Spaghetti all'Amatriciana

Amatriciana is four ingredients: guanciale, tomatoes, Pecorino Romano, and pasta. The dish comes from Amatrice, a small town in the Apennine mountains between Lazio and Abruzzo, and predates Rome's claim to it by centuries — the original version, called gricia, had no tomato at all. The tomato arrived later, the recipe traveled to Rome, and somewhere along the way Amatriciana became one of the four canonical pasta dishes of Roman cuisine, alongside carbonara, cacio e pepe, and gricia.

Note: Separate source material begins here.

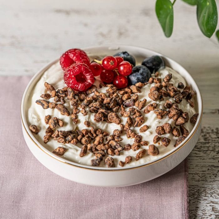 Una volta solido, immergilo nella Protein Bliss e guarnisci con Crunchy Cao.

The spaghetti amatriciana you get from this recipe follows the four-ingredient rule strictly. What makes it work is the guanciale. Cured pork cheek has a different fat profile than pancetta or bacon — it renders more completely, stays tender rather than crisp, and leaves behind a cooking fat that carries the flavor of the cured meat into the tomato sauce. The Pecorino Romano goes on at the end, sharp and salty, cutting through the richness of the pork. Spaghetti is the traditional choice; bucatini, with its hollow center, holds the sauce differently — both are correct depending on who you ask and where they're from.

Once you've made this version, try the variations: with garlic, with onion, with water instead of white wine to deglaze. Each one is a small argument about what Amatriciana really is, and the argument is worth having.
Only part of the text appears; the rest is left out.